I thought I know how to read code, but I found my self really confused when trying to understand something like that:
( i % factor_test == 0 && i / factor_test == notPrime )
I don't want you to explain to me what you tried to do here, just use brackets.
The compiler does have strict rules on operator precedence. But humans often fail to remember or apply them to understand the final result.
did you mean writing
( ((i % prime_factor1) == 0) && ((i / factor_test) == notPrime ))?
if yes, just write that.

besides, I didn't understand what did you say that forcing you to use the switch statements? I mean- what wrong happens when you remove them?

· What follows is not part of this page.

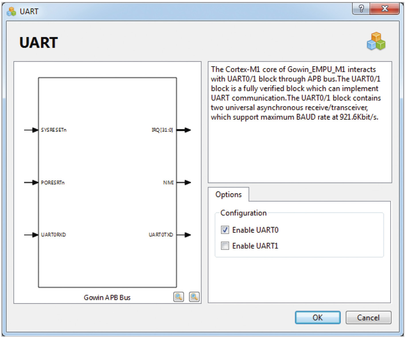 В окне со схемой (рис. 11) наводим курсор на прямоугольник с надписью UART и дважды кликаем на нём. Открывается окно задания параметров модуля UART, показанное на рис. 16. В этом окне ставим галочки в позиции «Enable UART0», тем самым разрешая IP-ядру поддержку одного из двух имеющихся модулей UART – UART0. Кликаем на кнопке «OK». Модуль UART настроен.
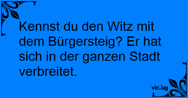 Kennst du den Witz mit dem Bürgersteig? Er hat sich in der ganzen Stadt verbreitet.

Nothing...? I can remove them, I just had them in there because I was using lots of switch cases, but then removed all but default, rather than just turning it to an if/else.
@Seanharrs you asked for the "prime factors" that sum to 7. I have provided you with code that code that.

Re-read the code again.
Nevermind...you still aren't understanding me, I will just leave it. The program you gave me lists 100 as one of the numbers, but 100's prime factors are: 2, 2, 5, 5. 2+2+5+5 does not equal seven.

I'm just going to mark this as solved anyway...
100's prime factors are: 2, 2, 5, 5. 2+2+5+5 does not equal seven.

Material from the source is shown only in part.